A9B7 Moduł sterujący silnika : usterka przekaźnika plus za stacyjką (+APC) albo wiązki wyjściowej przekaźnika
Właściwości:
Przyczyna . Miejscowy .
Charakterystyka błędu. Zwarcie z plusem.
Lista zmiennych powiązanych
Prędkość obrotowa silnika 0 obr/min
Napięcie akumulatora 10.54 Wolt(y)
Stan silnika Odcięty lub zablokowany
Temperatura płynu chłodzącego 10 ° C
Zmierzone ciśnienie paliwa 167 Bar
Polozenie pedalu przyspieszania 56 %
Napięcie zasilania 1 4.99 Wolt(y)
Napięcie zasilania 2 4.99 Wolt(y)
A taka jedna rzecz, która mi się nasunęła z tego błędu. Nie wiem czy to dobry trop, ale na pewno warto sprawdzić.

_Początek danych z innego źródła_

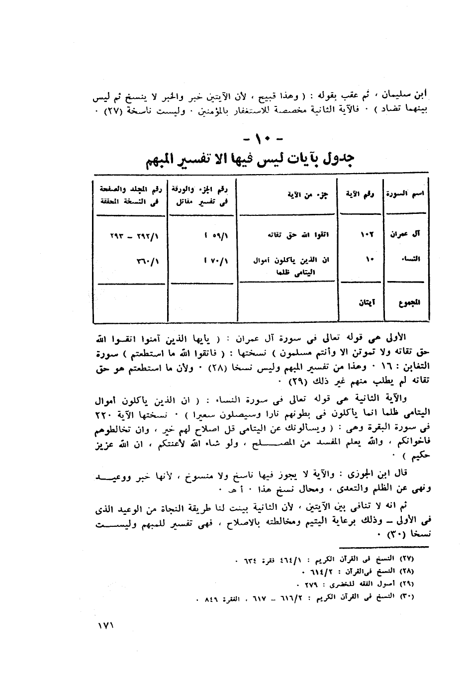 اسم السورة/ رقم الآية/ جزء من الآية/ رقم الجزء والورقة فى تفسير مقاتل/ رقم المجلد والصفحة فى النسخة المحققة آل عمران/ 102/ ااتَّقُوا اللَّهَ حَقَّ تُقاتِهِ/ 1/ 59 ا/ 1/ 292- 293 النساء/ 10/ إِنَّ الَّذِينَ يَأْكُلُونَ أَمْوالَ الْيَتامى ظُلْماً/ 1/ 70 ا/ 1/ 360 المجموع/ آيتان الاولى هي قوله تعالى فى سورة آل عمران: يا أَيُّهَا الَّذِينَ آمَنُوا اتَّقُوا اللَّهَ حَقَّ تُقاتِهِ وَلا تَمُوتُنَّ إِلَّا وَأَنْتُمْ مُسْلِمُونَ نسختها: فَاتَّقُوا اللَّهَ مَا اسْتَطَعْتُمْ سورة التغابن: 16. وهذا من تفسير المبهم وليس نسخا «28» . ولان ما استطعتم هو حق تقاته لم يطلب منهم غير ذلك «29» .

Napięcie akumulatora pokazuje Ci 10.54 V. To zdecydowanie za mało. Być może pada Ci akumulator i przez to nie chce odpalić. Nawet jeśli rozrusznik ma siłę zakręcić to elektronika potrzebuje określonego poziomu napięcia, chociażby immobiliser, ale nie tylko i nie odpalisz. Tym bardziej, że mówisz, że kręci rozrusznikiem 2 s i blokuje. Być może jest w elektronice jakaś blokada, gdzie przy określonym spadku napięcia odcina rozrusznik, żeby całkowicie nie zajechać akumulatora.

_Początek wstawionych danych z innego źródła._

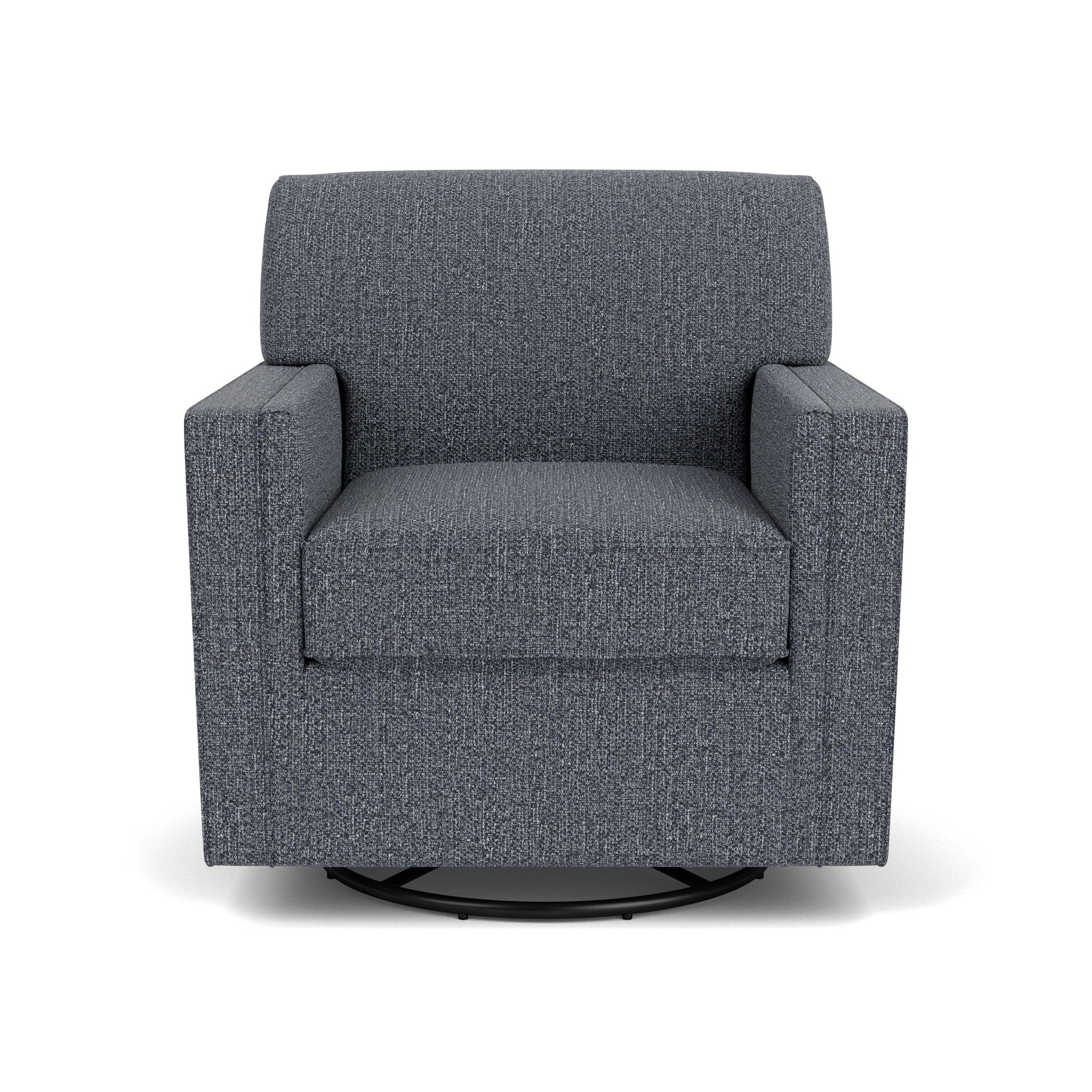 Easy Elegance. Relax in a perfectly proportioned chair that balances simple sophistication with lasting comfort. A tight back and soft, reversible box seat cushions provide firm yet comfortable support, while a swivel base allows the chair to turn a full 360 degrees. Simple, clean lines and refined welt detailing offer a clean and tailored silhouette for any size living space.

Pamiętam, że już w MkI jak napięcie akumulatora było za małe to tam mogłem co prawda kręcić rozrusznikiem, ale odcinało immobilser i nie można było odpalić.
Więc mimo nowego akumulatora sprawdź go porządnie, zmierz napięcie, a najlepiej go podładuj. Niestety z akumulatorami bywa różnie.
Podładuj go nawet ze względu na to, że trochę nim kręcisz próbując go, a nigdzie nie jeździsz, więc siłą rzeczy mu spadło napięcie (i być może dopiero teraz wyrzuciło ten błąd, o którym ostatnio napisałeś). Natomiast jeśli ogólny problem ma też związek z napięciem akumulatora to być może auto zgasło Ci w czasie jazdy z przyczyny braku ładowania, więc może warto pójść też tropem przyjrzenia się alternatorowi czy w ogóle ładuje.